Les lieux composites permettent de suivre les objets, mais de façon limitée : d'une part, le suivi est limité par la séquence du lieu composite, et le suivi s'arrête si l'agent effectue d'autres interactions que celles de cette séquence. Pour assurer un suivi plus long, je propose ce dernier principe : si un objet a une position caractérisée par une liste de lieux (composite ou non), alors on peut considérer que l'intersection de ces lieux, caractérisant la position probable de l'objet, peut être assimilé à une position de l'espace. Notons que cette position n'est plus limitée à l'espace couvert par le système sensoriel de l'agent. Ceci repose sur l'apprentissage de signatures de présence :

signature de présence
Figure 4 : apprentissage des signatures de présence : ici, la mémoire spatiale contient une instance d'objet dont la localisation est caractérisée par un ensemble de trois lieux. On peut considérer que l'intersection de ces trois lieux est assimilable à une position de l'espace global. Ainsi, si l'agent tourne à gauche d e90°, et que l'agent détecte une instance du même objet dans le lieu l4, alors la position caractérisée par (l1,l2,l3) a de fortes chances de faire partie du lieu composite ["gauche"][l4}

signature de présence
Figure 5 : exemples de signatures de présence. Les quatres lieux composites, très proches, sont caractérisés par l'intersection des deux lieux affichés en bas.


Les signatures de présence permettent de lier des régions de l'espace non observable de l'agent, comme dans l'exemple ci-dessous :

suivi des objets
Figure 6 : Suivi des objets. Dans ce contexte, et en raison d'assymétries dans les signatures d'interactions, l'agent va préférer atteindre la proie A. La proie B, quand à elle, est mémorisé à l'aide d'un ensemble de lieux, représentés à droite (seul les lieux primitifs et composite avec une séquence d'une interaction sont représentés). Au pas suivant, l'agent avance. Les lieux sont mis à jour, et indiquent que la proie B peut être atteinte en énactant "tourner à droite de 90°" ou "tourner à droite de 45°", caractérisant le fait que la proie B est à droite de l'agent. Mais au pas suivant, l'agent tourne à gauche. Aucun des lieux composite caractérisant la position de B ne peuvent être mis à jour. Cependant, les lieux de la figure 5 ont pû être évoqué grâce à leur signatures de présence. Une fois mis à jour, ils caractérisent la position de la proie B par l'interaction "tourner à gauche de 90°", indiquant que B est à gauche de l'agent. Les signatures de présence ont ainsi permis de relier des régions de l'espace non observable


L'agent, doté d'une mémoire spatiale, génère des comportements similaires à ceux observés avec une mémoire spatiale pré-cablée : il se dirige naturellement vers les objets affordant l'interaction manger, tout en restant à distance des murs; On notera également que malgré une faible précision de la mémoire, l'agent parvient quand même à se diriger vers les objets "intéressant" même après les avoir perdus de vue pendant près de 10 pas. Ces résultats ont été publié dans Gay, Mille, Georgeon, and Dutech 2017

proie et algue proie et algue

proie et mur proie et mur
Figure 7 : comportement de l'agent en présence d'une algue puis d'un mur. La frise en bas montre la position de la proie estimée par la mémoire spatiale.

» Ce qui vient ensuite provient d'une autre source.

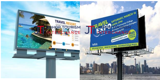
Foto: Contoh bentuk pengiklanan billboard yang digunakan bagi mempromosikan pelancongan.

Pemasangan papan iklan elektronik atau billboard di tepi lebuh raya dan persimpangan jalan merupakan antara alat promosi yang berkesan bagi menarik pengunjung ke sesuatu destinasi atau penyertaan dalam penganjuran acara pelancongan.
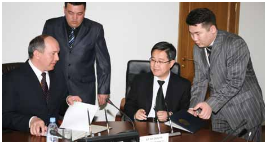
Компания башпылығы және Кызылорда облысы әкімдігі арасындағы Ынтымақтастық туралы Меморандумға қол қою, 2009 жыл / Подписание Меморандума о сотрудничестве между руководством компании и Акиматом Кызылординской области, 2009 год / Signing the Memorandum on cooperation between company management and the Kyzylorda Oblast Akimat, 2009

В 2016 году ПККР было выделено 151,7 млн. тенге на ставшие традиционными социальные проекты и поддержку подшефных организаций. В течение последних 5 лет общая сумма расходов группы на спонсорские цели составила 86 млн. долл. США, и особое место занимали проекты инфраструктурного и экономического развития регионов в рамках Меморандума о
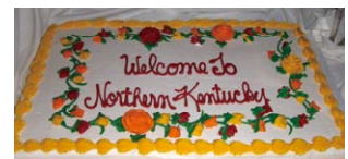
ウェルカムケーキ Commemorative cake at welcome party
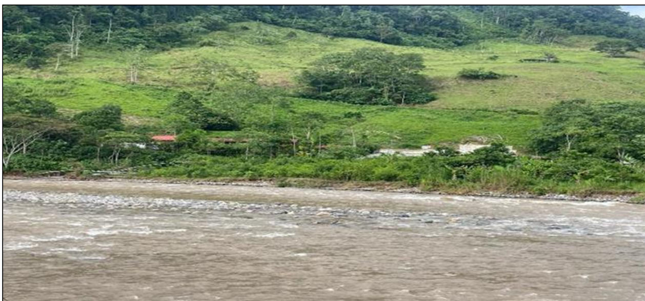
FIGURA N° 01: SE EVIDENCIA INCREMENTO DE CAUCE EN EL RÍO POZUZO, PONIENDO EN RIESGO VIVIENDAS Y VIA (TROCHA CARROZABLE).
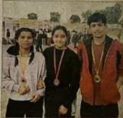
इंटर कॉलेज प्रतियोगिता में खेले गए चारों ओर के चार खेलों में सुन्दरनगर के चार खिलाड़ियों ने जीते चार पदक जीते हैं।

इस प्रतियोगिता में खेले गए चार खेलों में सुन्दरनगर के 4 खिलाड़ियों ने सुन्दरनगर में जीते चार पदक जीते हैं। चारों ओर के चार खेलों में सुन्दरनगर के चार खिलाड़ियों ने 52 खिलाड़ियों में खेले, जिनमें से 48 खिलाड़ियों में 1997, 1998 और 1999 में 52 और 56 खिलाड़ियों में खेले गए चार खेलों में सुन्दरनगर के चार खिलाड़ियों ने जीते चार पदक जीते हैं।
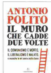
Il muro che cadde due volte Antonio Polito, Solferino, 16 euro

Il 2020 sarà l'anno del grande Pellegrino Artusi, nato il 4 agosto 1820 per rivoluzionare la cucina italiana e contribuire alla sua fama nel mondo. Il libro di Giunti è un omaggio al passato in un format che guarda al futuro. Imperdibile per i foodies nostrani.
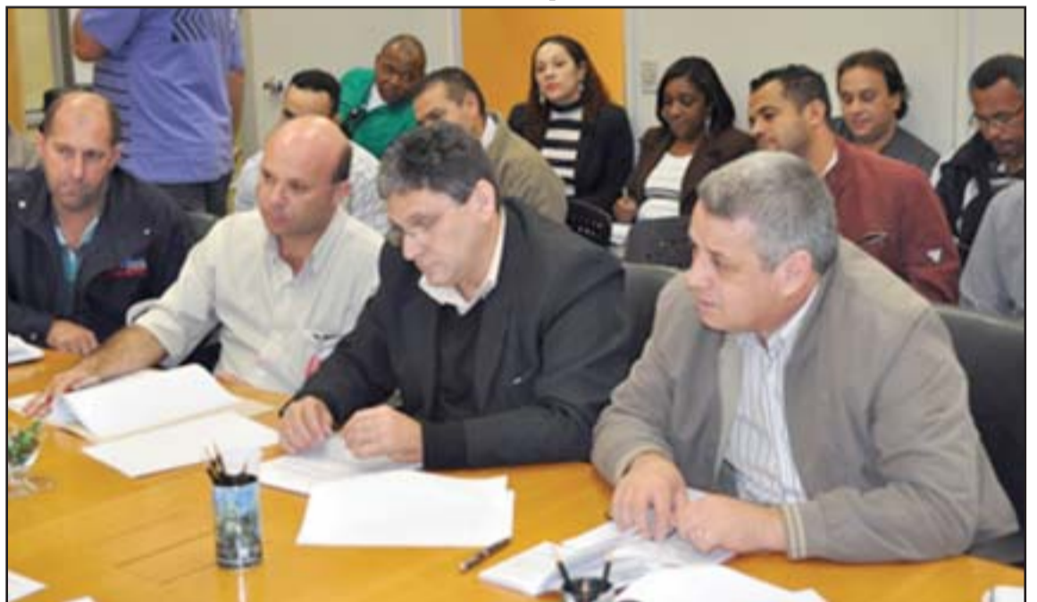
Mesa de negociação no Grupo 3

O Sindipeças, um dos maiores setores dentro do G3, representa 500 empresas associadas em todo o Brasil.
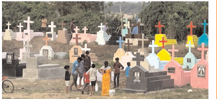
తాళ్లపూడి, వజ్ర భారతి ఏప్రిల్ 4: క్రైస్తవులు జరుపుకునే సమాధుల పండుగ నిమిత్తం పలు గ్రామాల్లో వారి పెద్దల సమాధుల వద్ద శుభపరిచి రంగులు వేసే కార్యక్రమాలను చేపడుతున్న దృశ్యాలు దర్శన మిస్తున్నాయి. తాళ్లపూడి మండలం ప్రక్కీలంక గోధావరి నదితీరం లో గల సమాధులు కు బల్లిపాడు ఆర్ అండ్ బి రోడ్ ప్రక్క, మలకపల్లి లో ఆర్ అండ్ బి రోడ్ ప్రక్క పండుగ కోసం రంగులు తో సిద్ధం చేస్తున్నారు.
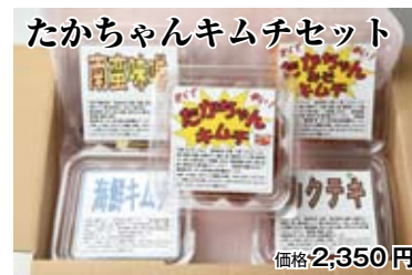
たかちゃんキムチセット 価格 2,350 円

老舗の漬物屋さんが自宅用に作ったキムチが口コミで人気に。日本の食卓にあう味です。キムチ、カクテキ、みそキムチ、南蛮味噌、海鮮キムチ
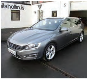
VOLVO V60 d4 summum leður/191 hö. Árg. 2017, ek. 25 Þ.KM, dísel, leður, sjálfskiptur 8 girar. Verð 4.980.000. Rnr.152081.

Bílahöllin Bíldshöfða 5, 112 Rvk Sími: 567 4949 www.bilahollin.is
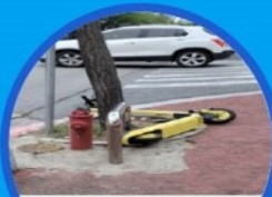
소방시설 5m 이내
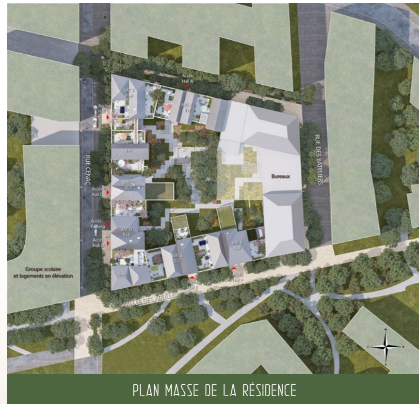
PLAN MASSE DE LA RÉSIDENCE

« C'est une bastide contemporaine qui accueille, en son cœur, un îlot paysager à partager et qui s'ouvre, en périphérie, sur la métropole bordelaise. Ce sont autant de bâtiments mitoyens accolés qui constituent l'écrin de ce jardin en ville.
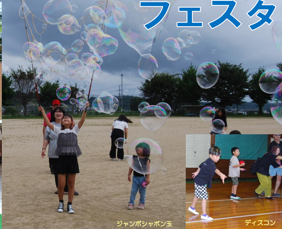
ジャンボシャボン玉
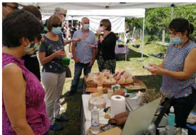
▲ Iazko azoka, Betelun
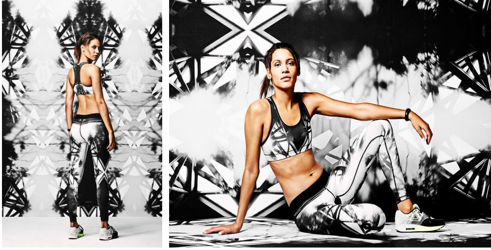
Fotoğraf 9. Nike – 2014, http://www.nike.com/us/en_us/launch/c/2014-08/nike-tight-of-the-moment-foco-bonito , adresinden 18 Ağustos 2014 tarihinde alınmıştır.
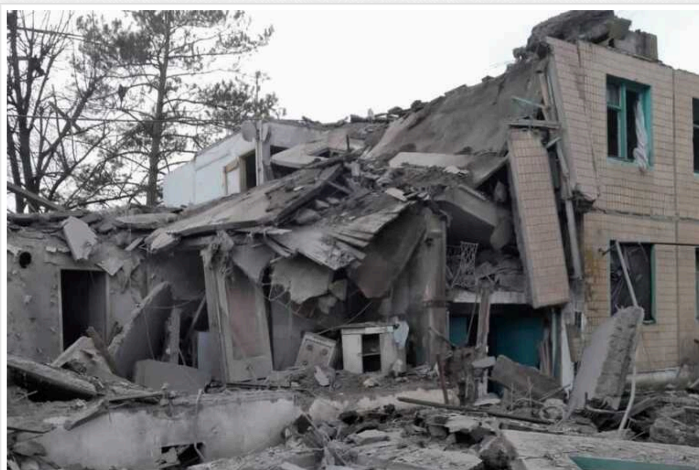
Окупанти обстрілюють Харківську область: були прильоти по підстанції у Васиївці Куп'янського району та по будівлі адміністрації та ЦНАП Вовчанська

Минулої доби в Харківській області були прильоти по підстанції у Васиївці Куп'янського району та по будівлі адміністрації та ЦНАП Вовчанська.
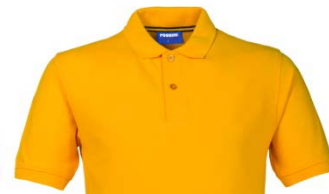
08 – GIALLO
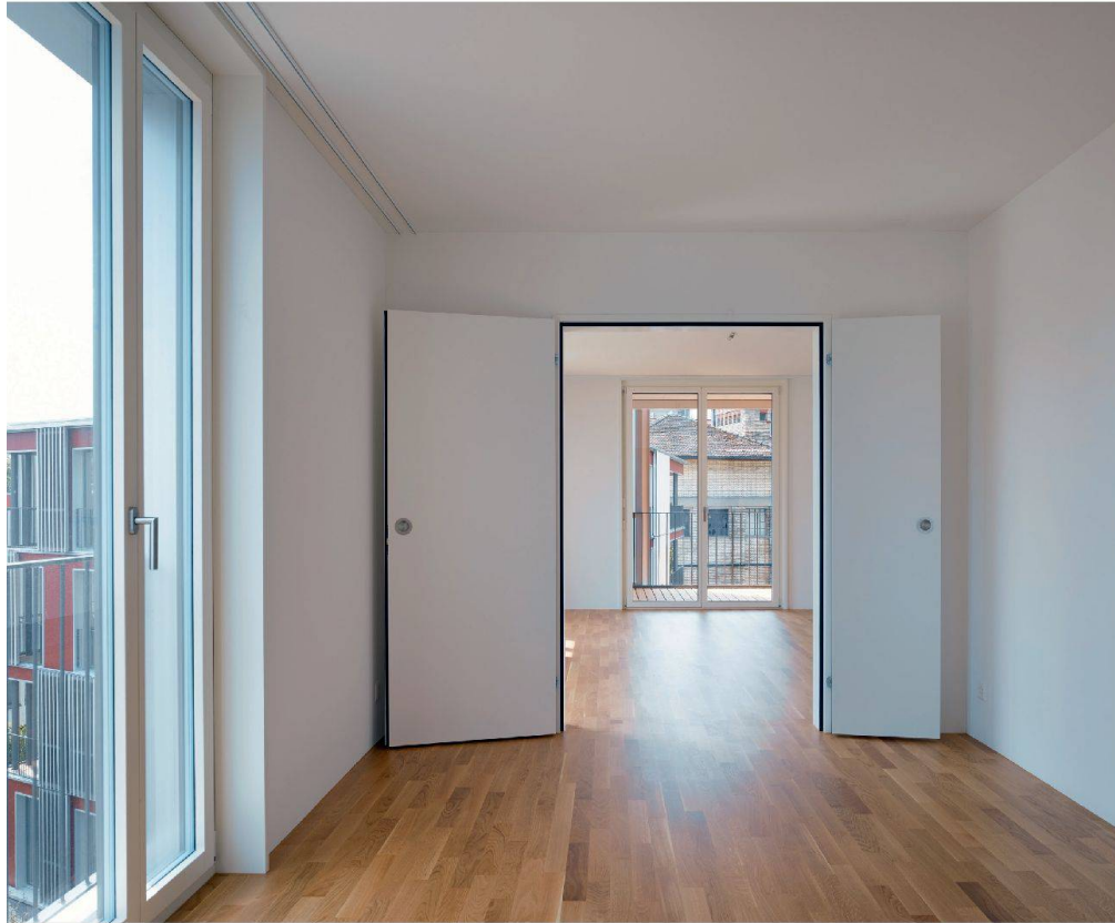
Dank einer Flügeltür kann das Wohnzimmer individuell vergrössert werden.

Auch das neuste Projekt im Kreis 4 stammt von diesem Büro (vgl. Kasten).

Il est intéressant de constater que si on retire la proie, l'agent, guidé par sa mémoire spatiale, continue de se diriger vers l'ancienne position, puis, face à l'incohérence, semble chercher la proie qui devrait être là.



On peut constater que la mémoire spatiale reste relativement fiable malgré sa faible précision. Le comportement de l'agent tient compte de l'ensemble des éléments présent dans sa mémoire : celui-ci adapte sa trajectoire pour éviter le mur devant lui.